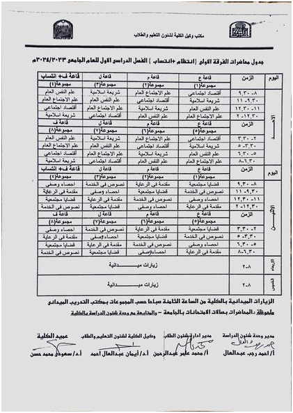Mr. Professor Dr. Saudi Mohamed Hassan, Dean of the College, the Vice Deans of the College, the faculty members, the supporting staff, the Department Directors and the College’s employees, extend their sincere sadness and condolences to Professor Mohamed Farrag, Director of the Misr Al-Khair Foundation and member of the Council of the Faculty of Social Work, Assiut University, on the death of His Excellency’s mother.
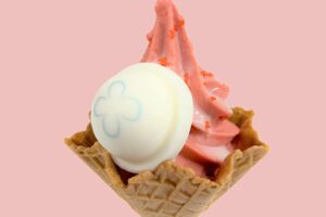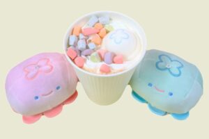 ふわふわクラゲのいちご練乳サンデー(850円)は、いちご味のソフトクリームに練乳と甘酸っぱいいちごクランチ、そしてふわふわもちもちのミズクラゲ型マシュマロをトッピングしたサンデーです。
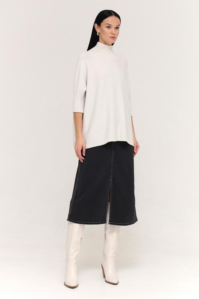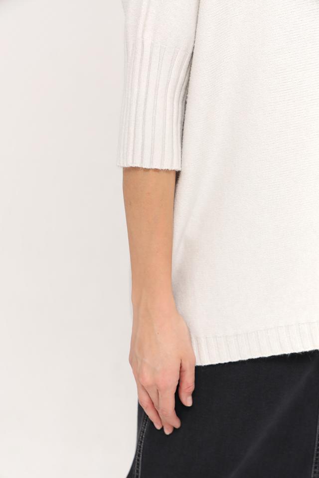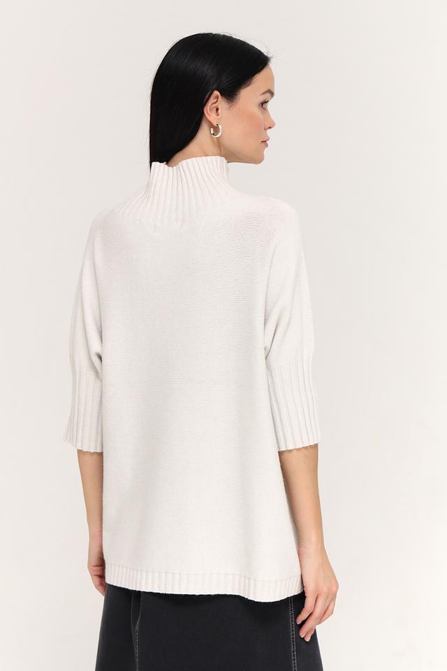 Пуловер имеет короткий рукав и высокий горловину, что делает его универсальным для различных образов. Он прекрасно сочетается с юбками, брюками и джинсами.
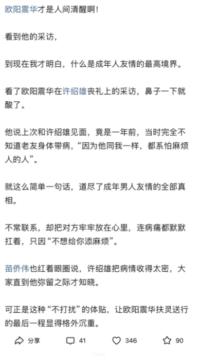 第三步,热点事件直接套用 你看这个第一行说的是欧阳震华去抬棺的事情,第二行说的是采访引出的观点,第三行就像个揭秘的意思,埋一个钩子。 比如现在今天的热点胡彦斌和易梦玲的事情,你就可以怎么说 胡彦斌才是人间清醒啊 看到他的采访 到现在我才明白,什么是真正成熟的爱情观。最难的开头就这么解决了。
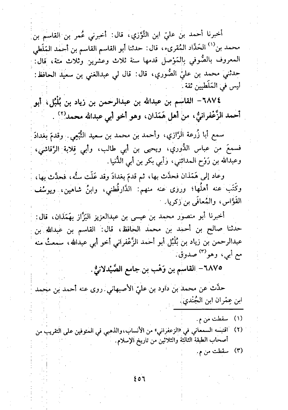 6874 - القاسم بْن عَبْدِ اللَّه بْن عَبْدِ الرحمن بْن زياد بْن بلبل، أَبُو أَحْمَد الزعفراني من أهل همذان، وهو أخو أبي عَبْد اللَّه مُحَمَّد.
+++
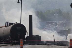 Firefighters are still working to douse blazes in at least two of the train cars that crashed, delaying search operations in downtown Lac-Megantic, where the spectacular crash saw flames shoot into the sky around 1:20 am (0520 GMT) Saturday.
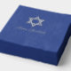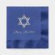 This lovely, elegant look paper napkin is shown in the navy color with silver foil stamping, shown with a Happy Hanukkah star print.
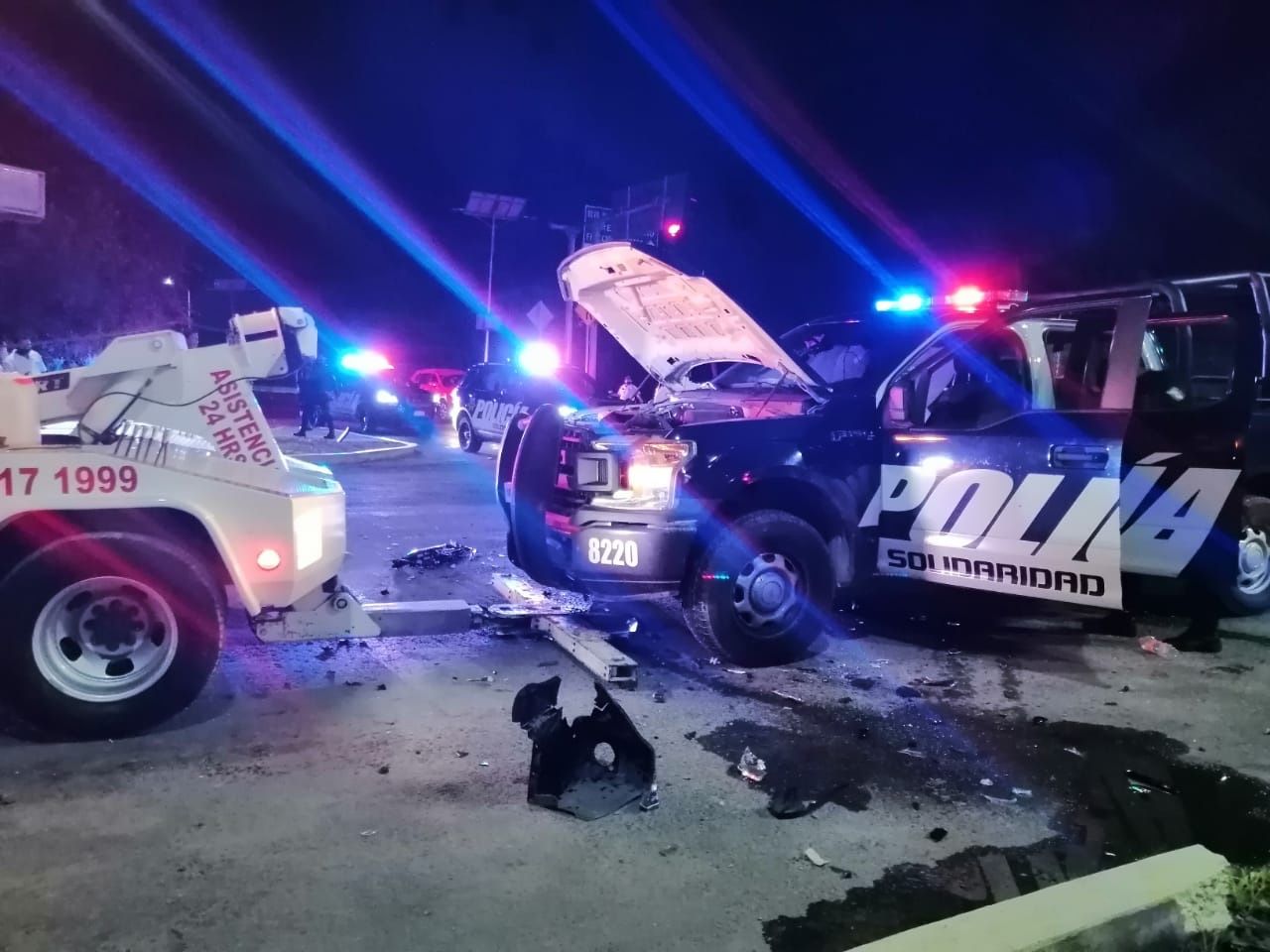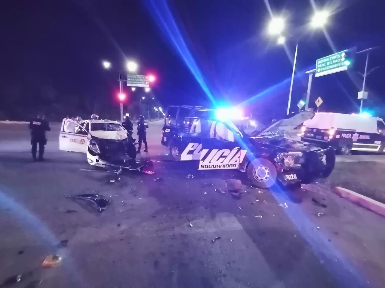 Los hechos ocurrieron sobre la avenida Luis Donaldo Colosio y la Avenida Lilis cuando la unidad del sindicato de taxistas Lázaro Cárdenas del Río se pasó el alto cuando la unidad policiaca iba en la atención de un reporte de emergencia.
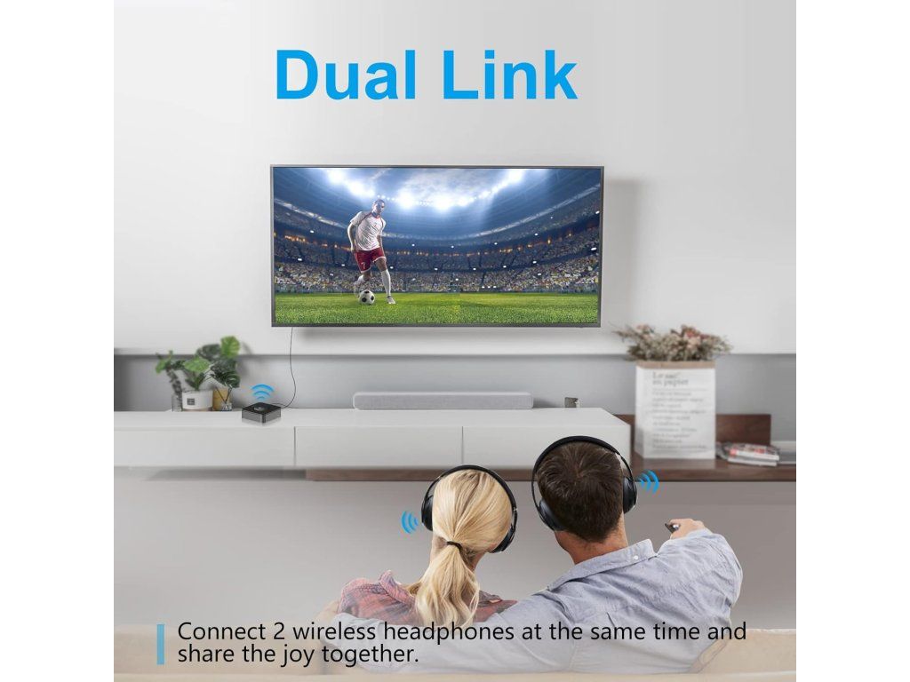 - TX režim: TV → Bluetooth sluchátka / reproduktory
+++
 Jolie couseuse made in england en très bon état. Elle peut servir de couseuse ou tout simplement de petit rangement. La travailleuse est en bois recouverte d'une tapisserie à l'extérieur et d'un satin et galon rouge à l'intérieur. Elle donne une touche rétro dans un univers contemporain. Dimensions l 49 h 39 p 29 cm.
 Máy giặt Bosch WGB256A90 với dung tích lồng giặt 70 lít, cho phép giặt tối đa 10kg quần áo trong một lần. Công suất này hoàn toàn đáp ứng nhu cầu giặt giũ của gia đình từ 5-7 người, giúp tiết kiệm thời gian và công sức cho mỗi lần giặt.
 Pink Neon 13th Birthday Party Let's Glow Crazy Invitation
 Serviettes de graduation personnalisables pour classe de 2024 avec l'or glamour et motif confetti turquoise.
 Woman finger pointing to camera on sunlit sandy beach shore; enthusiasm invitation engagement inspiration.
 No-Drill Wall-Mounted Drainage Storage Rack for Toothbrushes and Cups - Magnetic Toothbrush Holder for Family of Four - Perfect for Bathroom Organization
+++
Give the lines above again exactly, from the one containing "This lovely, elegant" to the one containing "- TX režim: TV", both included, but leave out the pictures.

 This lovely, elegant look paper napkin is shown in the navy color with silver foil stamping, shown with a Happy Hanukkah star print.
 Los hechos ocurrieron sobre la avenida Luis Donaldo Colosio y la Avenida Lilis cuando la unidad del sindicato de taxistas Lázaro Cárdenas del Río se pasó el alto cuando la unidad policiaca iba en la atención de un reporte de emergencia.
 - TX režim: TV → Bluetooth sluchátka / reproduktory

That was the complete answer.